Security professionals work in an ever-changing environment where a primary goal is always to be one step ahead of those who might seek to harm the assets and resources they seek to protect.  It is an uphill battle that never ceases and that fundamentally requires planning as well as a multitude of resources – both human and technical. 

At the technical level, security professionals seek to deploy and manage automated systems that through heuristics, known signatures, and specific rules help to protect infrastructure components.  Much of this technology can be expensive to acquire and maintain, however many executive managers have come to the realization that in this technology age of today, investment in security technologies  is part of the cost of doing business.

Accompanying the implementation of automated security solutions comes the requirement (and subsequent cost) of supporting those systems on a daily basis.  This means staff to perform duties like firewall management, audit log review, public key infrastructure management and sustainment, etc.  These folks are responsible for ensuring that the technological solutions in place to protect the company’s assets remain up to date and as comprehensibly functional as possible.  They must have a complete understanding of the infrastructure they are protecting and they must stay on top of the ever changing arena of information security. 
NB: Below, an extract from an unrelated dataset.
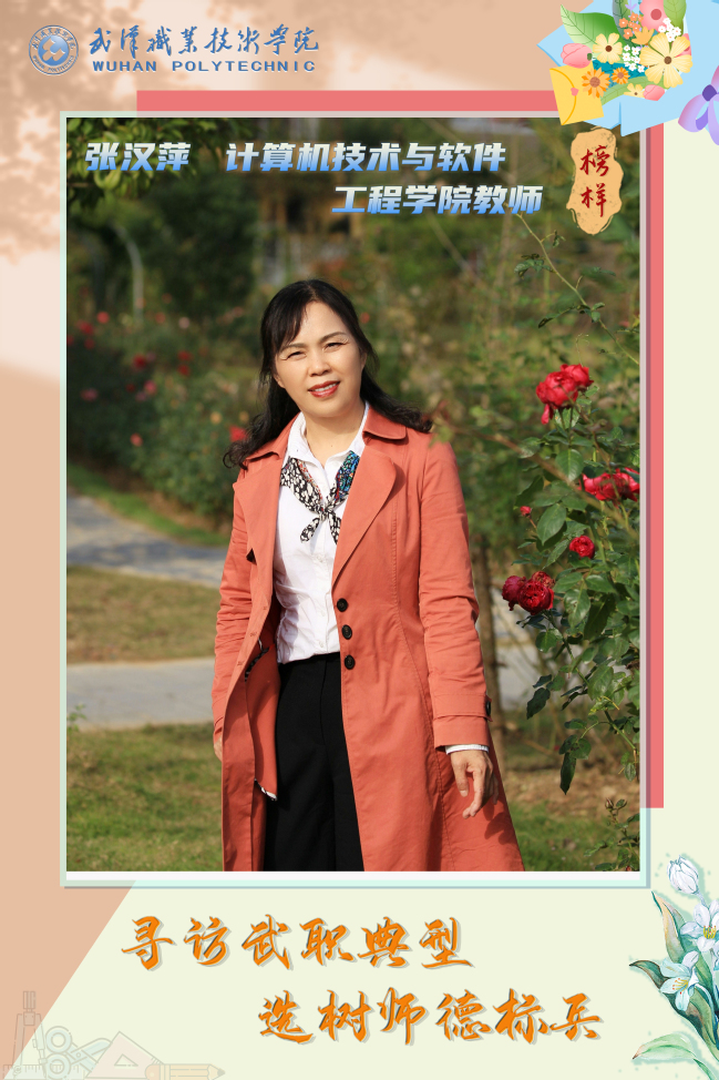 【编者按】师德师风是教师队伍建设的灵魂。为深入学习贯彻宣传党的二十大精神,树立和表彰师德先进典型,弘扬新时代人民教师教书育人、为人师表、爱岗敬业、热爱学生、乐于奉献、勇于作为的优良传统,根据《武汉职业技术学院“十佳师德标兵”评选表彰办法》(武职党〔2017〕59号),现面向全校深入挖掘优秀教师先进事迹、选树师德标兵,传递正能量,充分发挥典型引领示范和带动作用,为武汉职业技术学院 50 年校庆营造良好校园文化建设氛围。校工会联合党委宣传部从3月至6月通过学校官网与官微以“寻访武职典型,选树师德标兵”为主题,每月推出第七届武汉职业技术学院“十佳师德标兵”候选人事迹风采。第二期推出的“师德标兵”候选人有张汉萍、江群、罗莹、万煜、吴方。

Outside of staff requirements to support automated security investments are those attempting to help mitigate vulnerabilities and risk that cannot be addressed through technical means.  Unfortunately it is tougher to sell executive management on this sort of security investment, because typical mitigation practices on this front include the development of policy and standard operating procedure, training, certification and accreditation, etc.  Part of the reason for this tougher buy-in from executive management is due to the inability to truly assess the return on investment.  With technical solutions, it is easy to see how many viruses were quarantined or how many intruders were stopped at the firewall or the number of packets dropped by the host-based intrusion prevention system.  Those sorts of details are quantifiable and can be presented to management in ways that they can easily comprehend.

How does one talk about the effectiveness of a policy or of certification and accreditation?  Quantifiable results geared toward justifying the investment in these sorts of strategies are attainable, but at a much slower rate than those of a technical nature.  The fact that they are not easily quantifiable or even that they may inhibit some areas of operation does not mean they should be negated or dismissed altogether.

Forward planning through standard operating procedure, policy implementation, awareness and training are all fundamental components of any information assurance or security platform.  Enterprises have to be capable of protecting their assets when technical measures fail.  Management has to realize that threats no longer dominate from outside of the environment, but rather from within.  They have to understand that there are very few technical mechanisms to mitigate the human element of the security equation.

Implementing policy and standard operating procedure not only displays movement towards due diligence, but it also embraces a proactive operational mentality that will inevitably help an organization pull through tough times.  Every security practitioner knows that no enterprise or organization can ever be one hundred percent secure.  Given this fact, it is only a matter of time before an incident or compromise occurs.  Contingency planning, incident response, and other key areas of information assurance can all be planned for and can all help to preserve the operations of the company in times of desperate need.

Organizations that refuse to make the investment in preplanning for future events that are capable of bringing operations to its knees are at the mercy of the technology they employ.  Choosing to believe that they are not a target or that their organization is too small to be concerned with these sorts of policy-based or procedural activities leaves little room for rebound if and when an incident occurs.